Background Odour baits can attract host-seeking Anopheles mosquitoes indoors and outdoors. We assessed the effects of mass deployment of odour-baited traps on malaria transmission and disease burden.
Methods We installed solar-powered odour-baited mosquito trapping systems (SMoTS) to households on Rusinga Island, Lake Victoria, western Kenya (mean population 24 879), in a stepped-wedge cluster-randomised trial. All residents in the completed health and demographic surveillance system were eligible to participate. We used the travelling salesman algorithm to assign all households to a cluster (50 or 51 geographically contiguous households); nine contiguous clusters formed a metacluster. Initially, no cluster had SMoTS (non-intervened). During the course of the intervention roll-out SMoTS were gradually installed cluster by cluster until all clusters had SMoTS installed (intervened). We generated 27 cluster randomisations, with the cluster as unit of randomisation, to establish the order to install the traps in the clusters until all had a SMoTS installed. Field workers and participants were not masked to group allocation. The primary outcome of clinical malaria was monitored through repeated Household visits covering the entire population, once before roll-out (baseline) and five times throughout the 2-year roll-out. We measured clinical malaria as fever plus a positive result with a rapid diagnostic test. The SolarMal project was registered on the Dutch Trial Register (NTR 3496).

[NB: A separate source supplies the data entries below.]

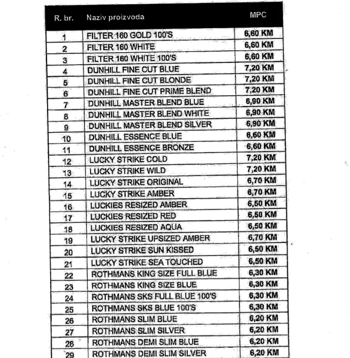 Najskuplje cigarete ovog distributera po novim cijenama iznosit će 29 KM.
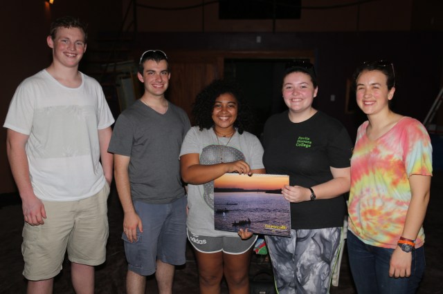 Elisa Neves entrega um calendário aos estudantes da Universidade de Michigan, no final de uma tarde de apresentações artísticas e uma roda impulsionada pela visita da Universidade Comunitária dos Rios à Belo Monte.
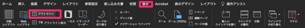 アウトライン機能を使用するには[ 表示] タブを選択して、[アウトライン]を選択します。
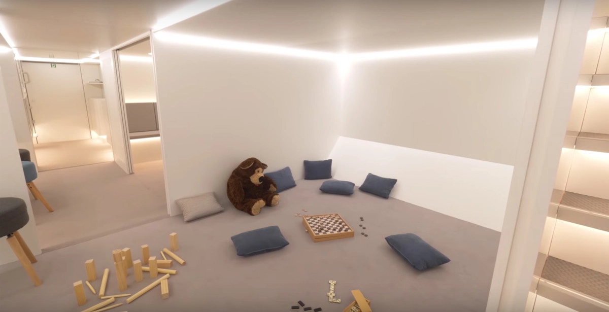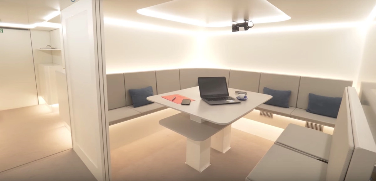 Часть помещений воздушного судна компания предложила использовать как рабочее пространство или игровую для детей. В дополнительном «модуле конференц-зала» будут установлены кресла и столы для рабочих встреч. Проектор позволит пассажирам проводить презентации или смотреть фильмы на большом экране.
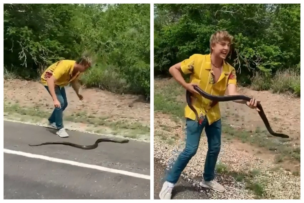 Герой сегодняшнего ролика — молодой парень по имени Ноа Хамфлетт — ехал по просторам штата Техас и увидел переползающую через дорогу змею. Увиденное вызвало у него неподдельный восторг, поэтому он остановился и решил познакомиться с пресмыкающейся «красоткой». Его приятель заснял происходящее на видео, которое впоследствии завирусилось в Reels.
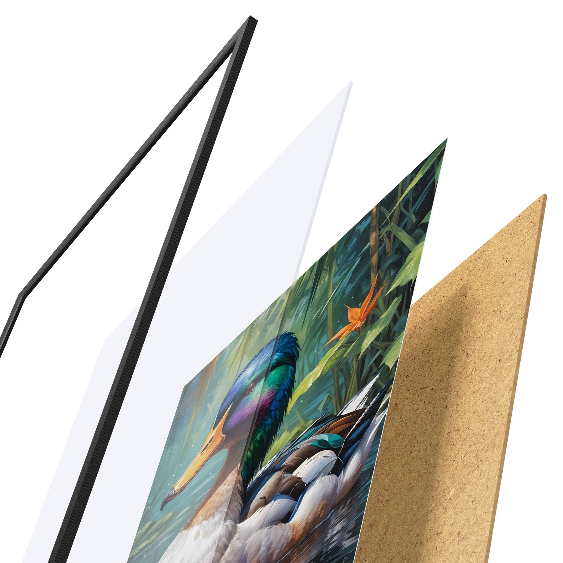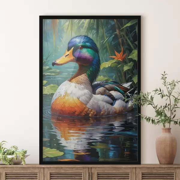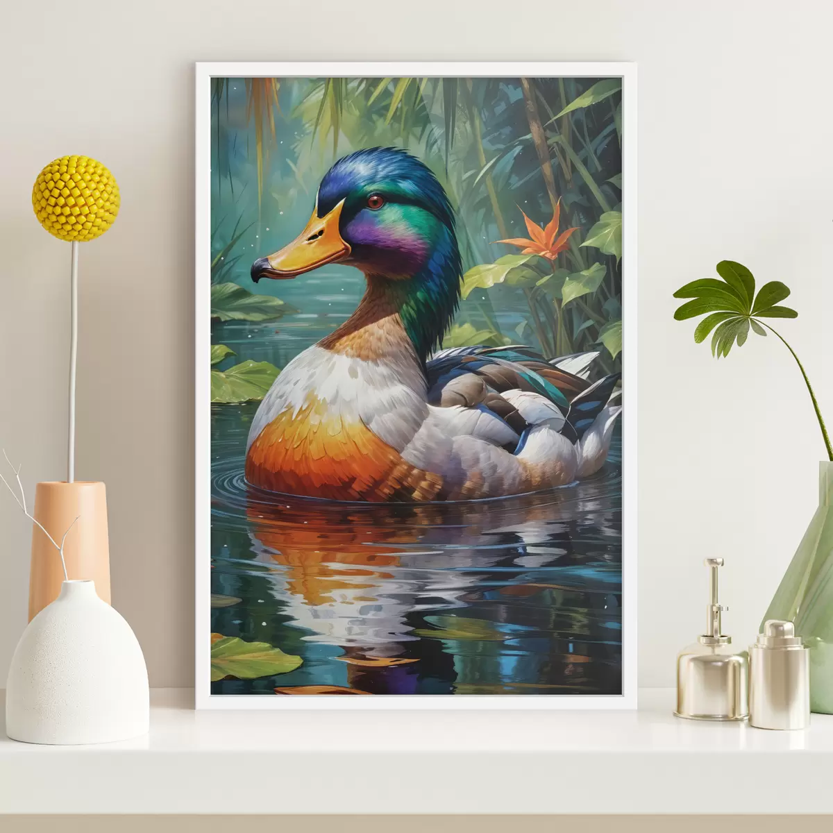Poster Värviline isane mandariinipart ujumas lopsakate roheliste lehtede ja langenud sügislehtedega tiigis Nr f40594

Findings We enrolled 34 041 participants between April 25, 2012, and March 23, 2015, to 81 clusters and nine metaclusters. 4358 households were provided with SMoTS during roll-out between June 3, 2013, and May 16, 2015. 23 clinical malaria episodes were recorded in intervened clusters and 33 episodes in non-intervened clusters (adjusted effectiveness 40·8% [95% CI –172·8 to 87·1], p=0·5) during the roll-out. Malaria prevalence measured by rapid diagnostic test was 29·8% (95% CI 20·9–38·0) lower in SMoTS clusters (prevalence 23·7%; 1552 of 6550 people) than in non-intervened clusters (prevalence 34·5%; 2002 of 5795 people).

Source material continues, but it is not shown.